WHAT THE EXERCISE ASKS: Dropping every picture, set down exactly the lines in the entries below, starting with the line with "На нагревание кирпича" and going on through the line with "Elevate your holiday".

GIVEN RECORDS Start Marker

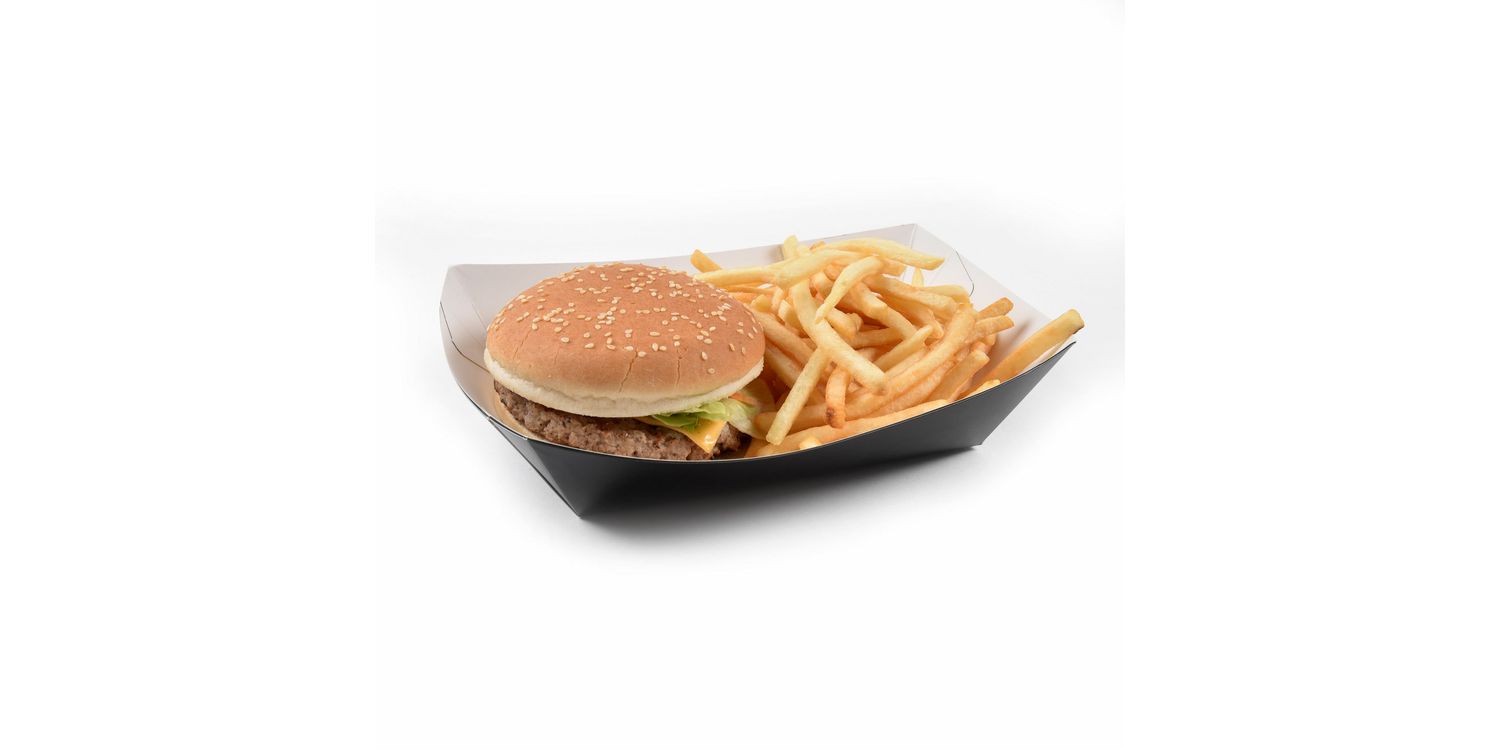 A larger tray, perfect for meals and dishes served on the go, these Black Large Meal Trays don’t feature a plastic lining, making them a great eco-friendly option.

GIVEN RECORDS End Marker
GIVEN RECORDS Start Marker

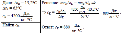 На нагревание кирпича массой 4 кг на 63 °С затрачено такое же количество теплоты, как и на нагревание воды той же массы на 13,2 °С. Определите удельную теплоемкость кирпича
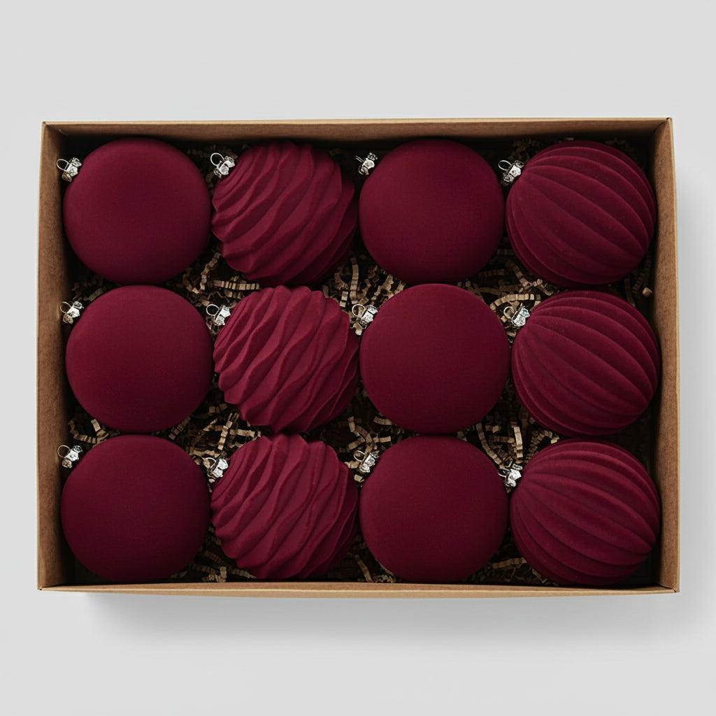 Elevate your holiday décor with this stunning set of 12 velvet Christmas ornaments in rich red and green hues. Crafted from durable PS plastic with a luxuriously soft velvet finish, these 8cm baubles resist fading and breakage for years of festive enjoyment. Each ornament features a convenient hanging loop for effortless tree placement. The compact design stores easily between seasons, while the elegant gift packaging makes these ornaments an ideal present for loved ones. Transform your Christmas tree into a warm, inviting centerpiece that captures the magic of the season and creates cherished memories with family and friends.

GIVEN RECORDS End Marker
GIVEN RECORDS Start Marker

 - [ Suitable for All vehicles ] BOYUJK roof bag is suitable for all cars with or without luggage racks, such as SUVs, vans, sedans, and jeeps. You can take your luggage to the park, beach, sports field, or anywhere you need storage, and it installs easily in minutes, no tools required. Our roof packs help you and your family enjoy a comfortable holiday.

GIVEN RECORDS End Marker

ANSWER SPACE:
 На нагревание кирпича массой 4 кг на 63 °С затрачено такое же количество теплоты, как и на нагревание воды той же массы на 13,2 °С. Определите удельную теплоемкость кирпича
 Elevate your holiday décor with this stunning set of 12 velvet Christmas ornaments in rich red and green hues. Crafted from durable PS plastic with a luxuriously soft velvet finish, these 8cm baubles resist fading and breakage for years of festive enjoyment. Each ornament features a convenient hanging loop for effortless tree placement. The compact design stores easily between seasons, while the elegant gift packaging makes these ornaments an ideal present for loved ones. Transform your Christmas tree into a warm, inviting centerpiece that captures the magic of the season and creates cherished memories with family and friends.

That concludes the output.